In the material below, please retype the lines from the very first through the one with "婦人毛混チエック背ボアスモックM~L/LL", exactly and without pictures.

### Provided information:
#####

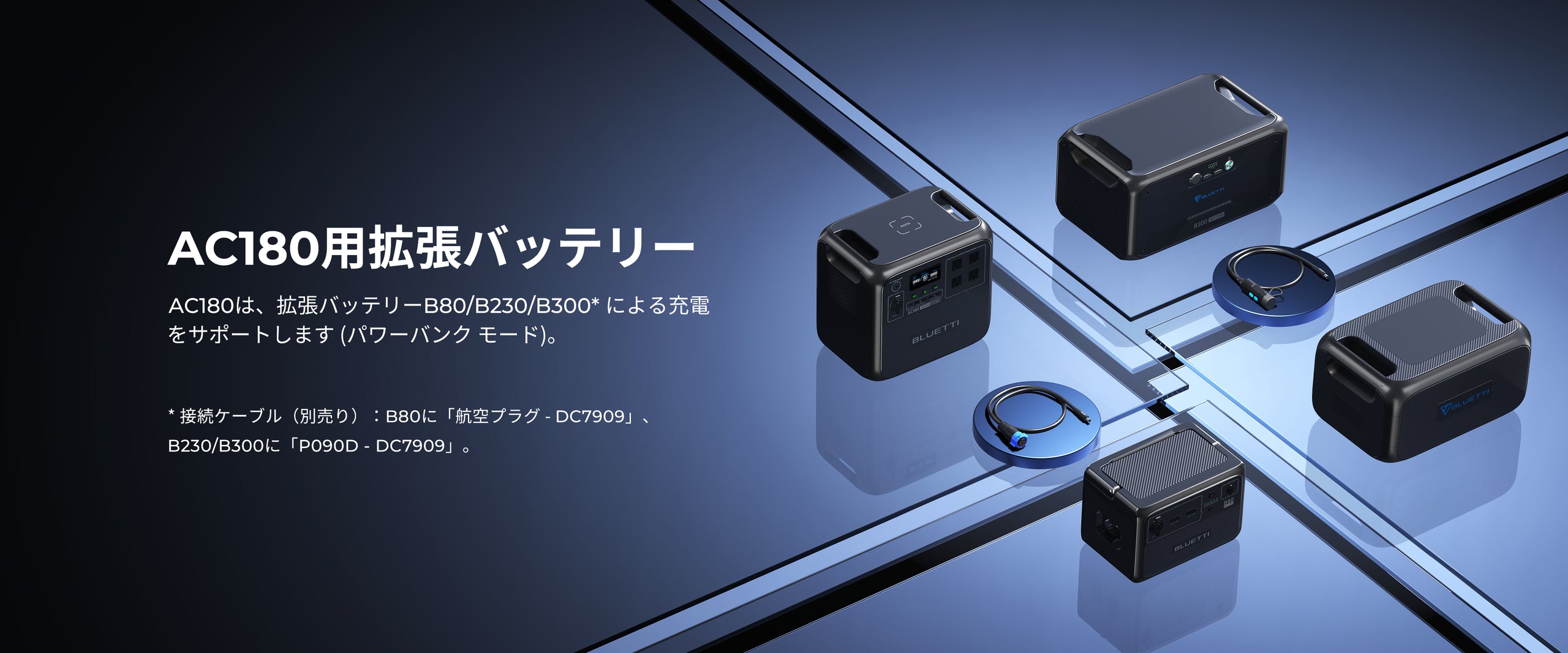 A:AC180P は B80、B230、または B300 バッテリーによる容量拡張をサポートしています。 B80 バッテリーを接続するには、 DC7909 ケーブル*が必要、B230/B300 バッテリーには P090D ケーブルが必要です。
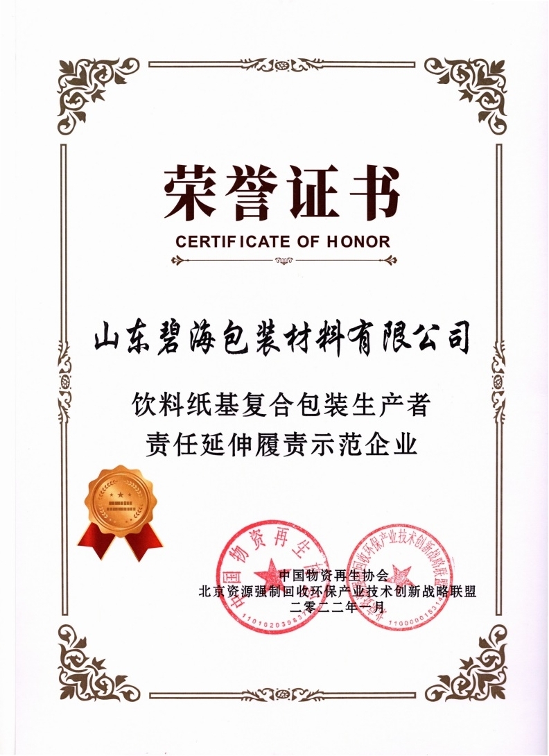 2022年1月12日,中國飲料紙基復合包裝可持續(xù)發(fā)展協(xié)作體2021年度會議在北京召開。會議對碧海公司在2021年推行環(huán)境友好包裝設計、開發(fā)可再生原料包裝、共建飲料紙基復合包裝回收協(xié)作體、規(guī)范回收利用等方面的工作給予了肯定,授予“飲料紙基復合包裝生產(chǎn)者責任延伸履責示范企業(yè)”榮譽稱號。
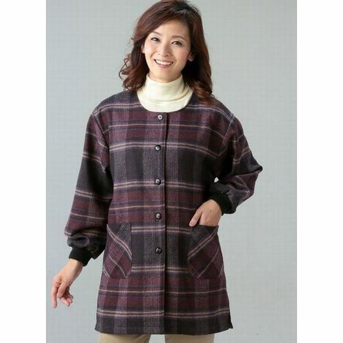 婦人毛混チエック背ボアスモックM~L/LL
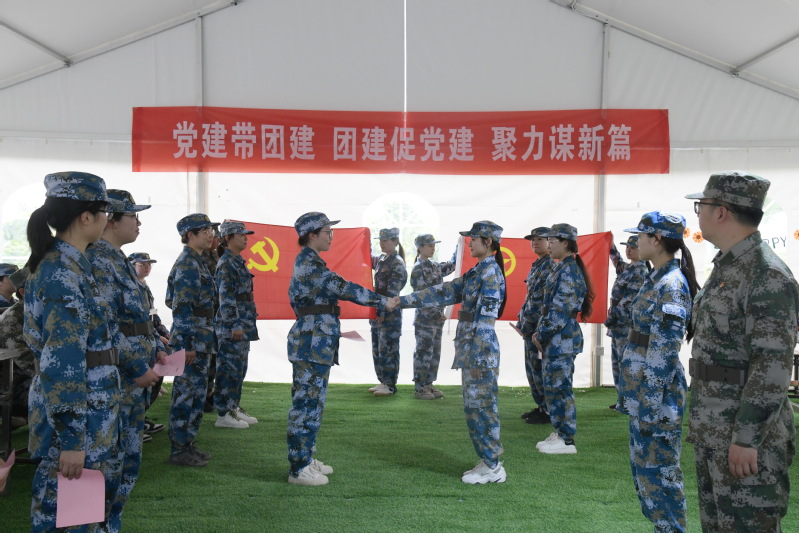5月13日,淮海農(nóng)場(chǎng)有限公司黨委和團(tuán)委開展“黨建引領(lǐng)、團(tuán)建賦能、凝聚青春奮斗力量”主題活動(dòng),近50名40周歲以下青年員工來到連云港云水灣拓展基地,開展戶外拓展活動(dòng)。圖為青年員工在開展“黨建帶團(tuán)建 團(tuán)建促黨建 聚力謀新篇”黨團(tuán)員結(jié)對(duì)儀式。
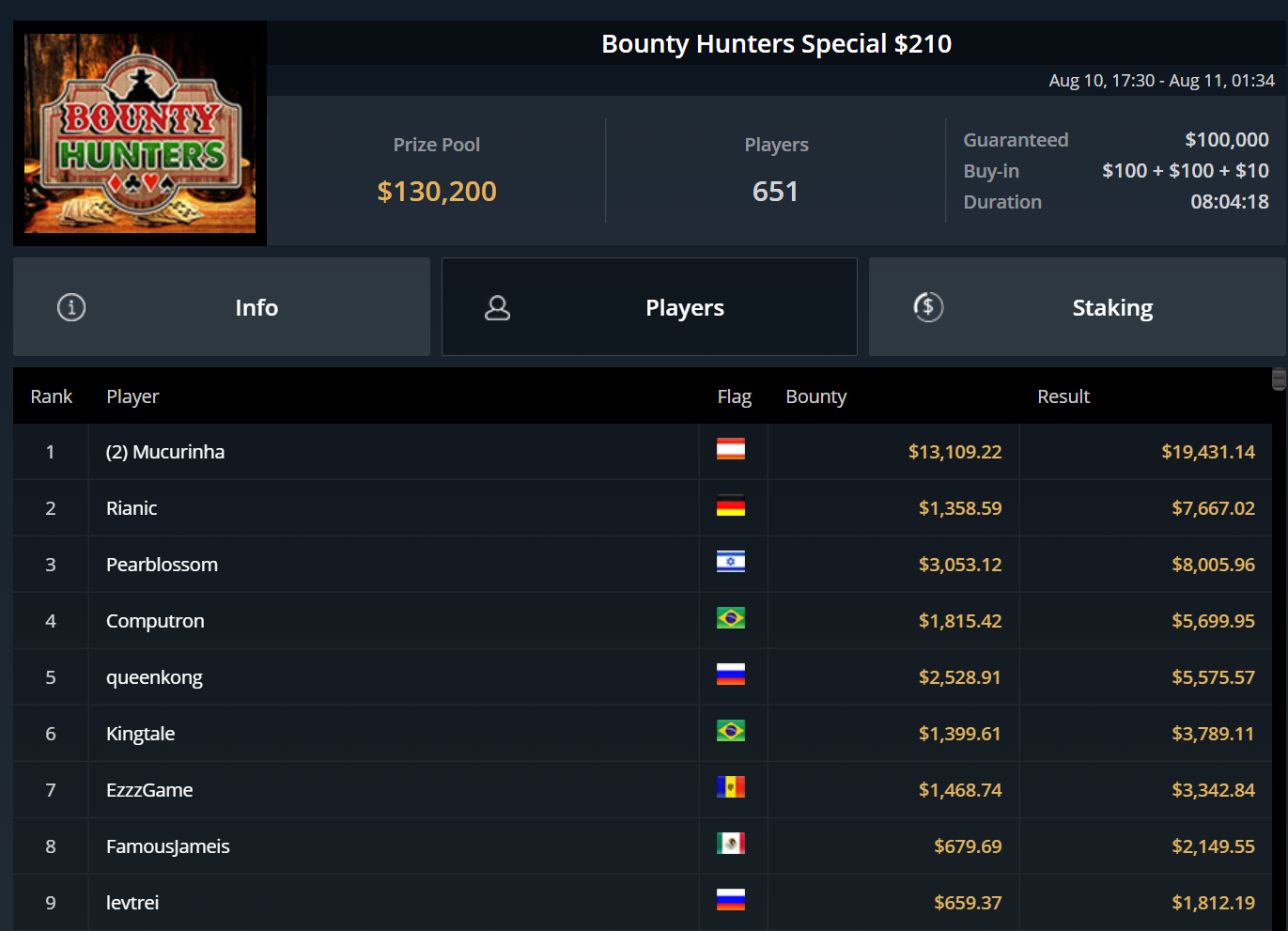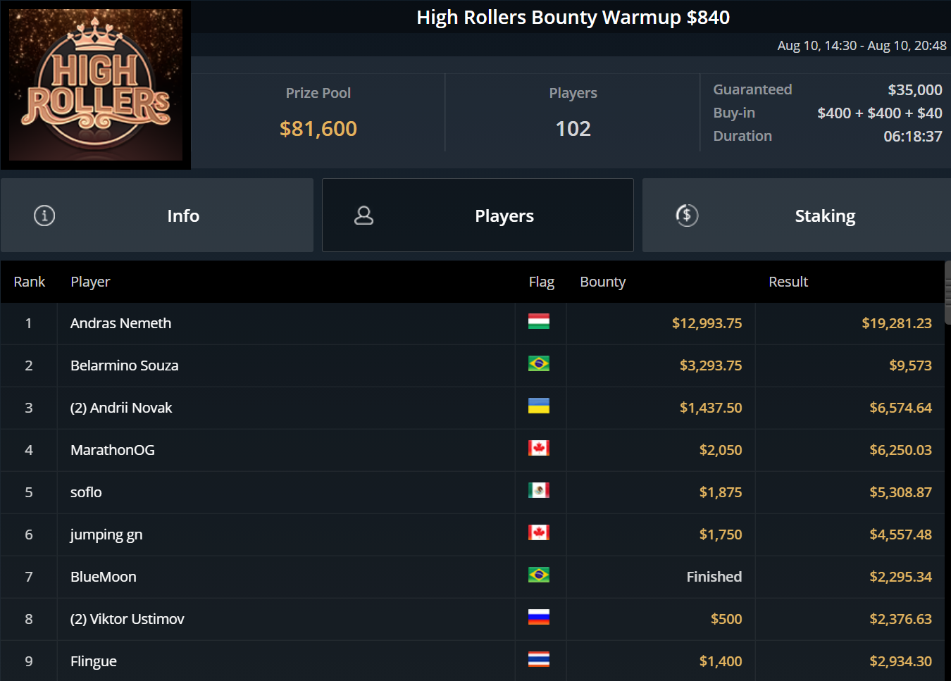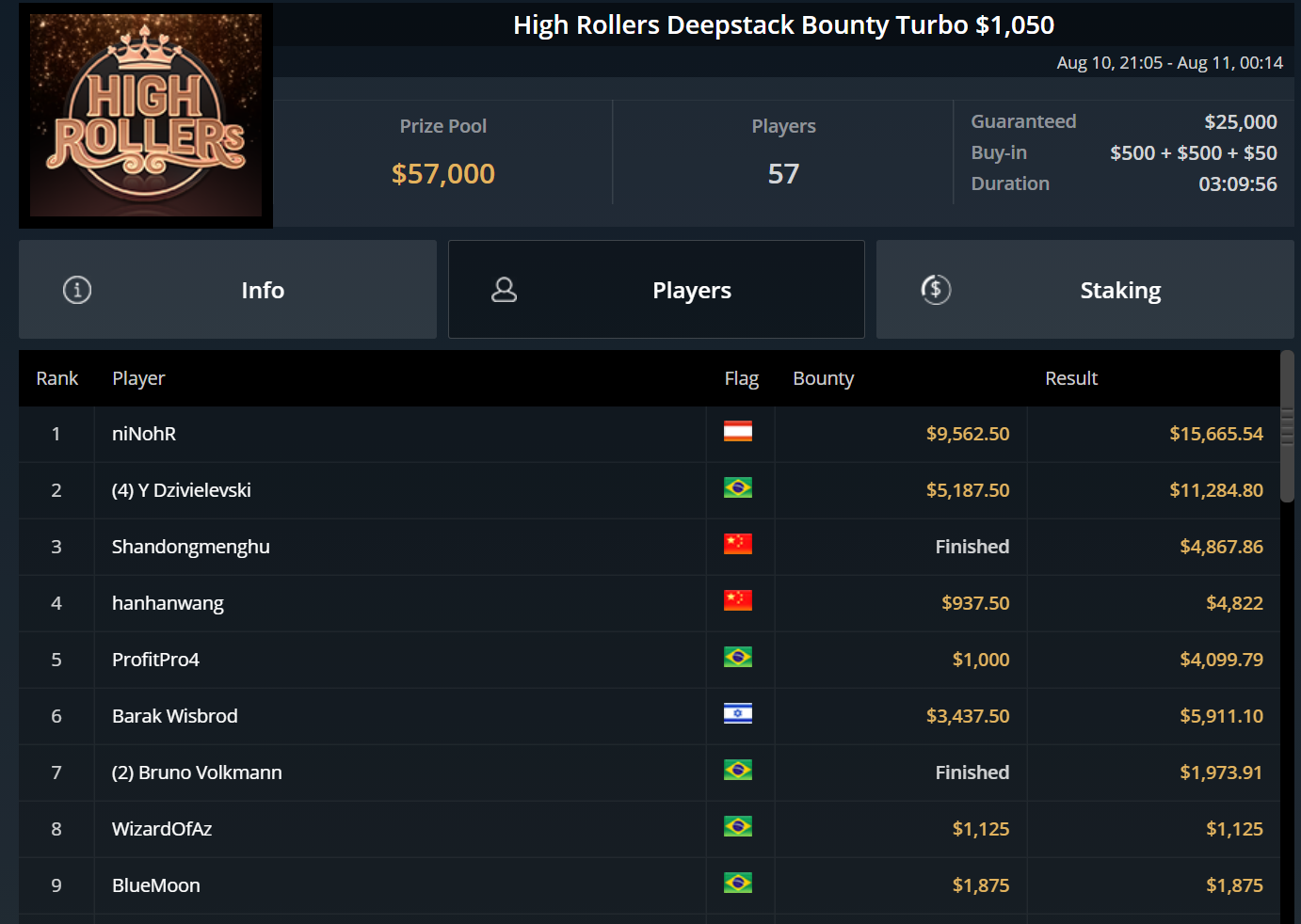Auch Chris Pütz machte mit Platz 6 beim $525 High Rollers Daily Special auf sich aufmerksam, während der Sieger beim $210 Bounty Hunters Special „Mucurinha“ aus Brasilien fälschlicherweise als Österreicher geführt.
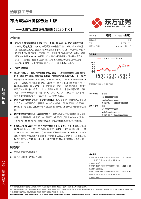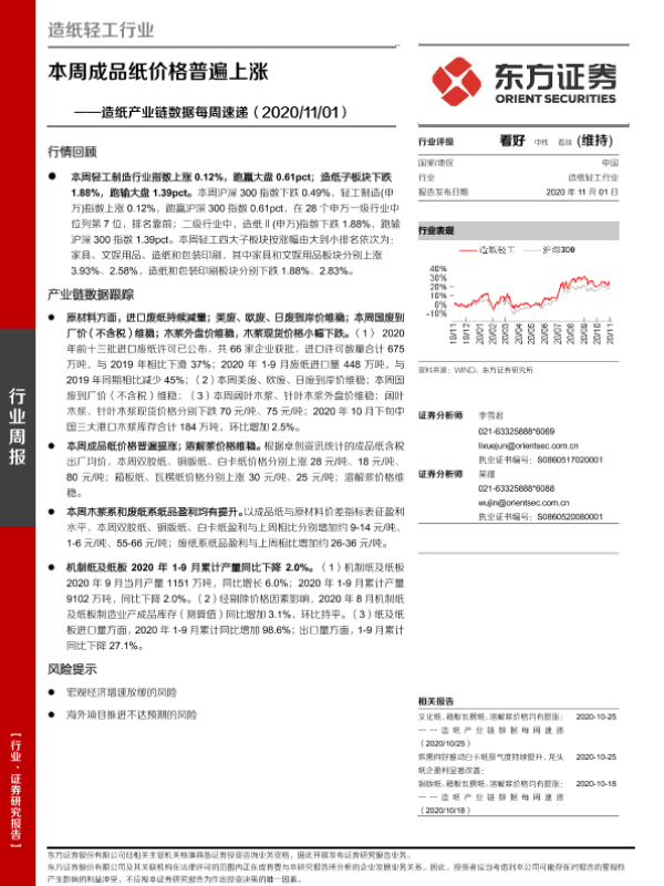 【东方证券】【20201101】20201101-东方证券-造纸产业链数据每周速递-本周成品纸价格普遍上涨-15页
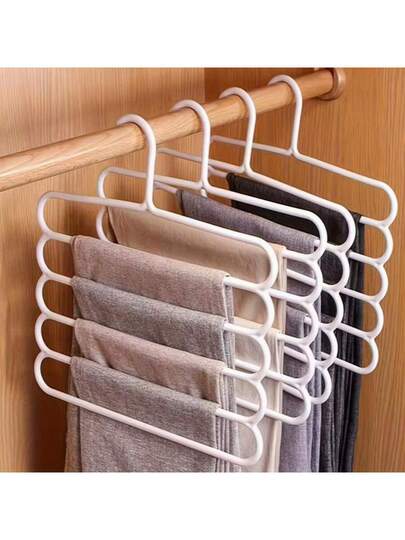 1pc Foldable Pants Hanger With 5-Tier Structure, Multifunctional Plastic Non-Slip Storage Hanger For Ties, Vests, Home Organization, With Anti-Slip Bar And 5 Crossbars - Black - View 1

#####

### Reply to the task:
 A:AC180P は B80、B230、または B300 バッテリーによる容量拡張をサポートしています。 B80 バッテリーを接続するには、 DC7909 ケーブル*が必要、B230/B300 バッテリーには P090D ケーブルが必要です。
 2022年1月12日,中國飲料紙基復合包裝可持續(xù)發(fā)展協(xié)作體2021年度會議在北京召開。會議對碧海公司在2021年推行環(huán)境友好包裝設計、開發(fā)可再生原料包裝、共建飲料紙基復合包裝回收協(xié)作體、規(guī)范回收利用等方面的工作給予了肯定,授予“飲料紙基復合包裝生產(chǎn)者責任延伸履責示范企業(yè)”榮譽稱號。
 婦人毛混チエック背ボアスモックM~L/LL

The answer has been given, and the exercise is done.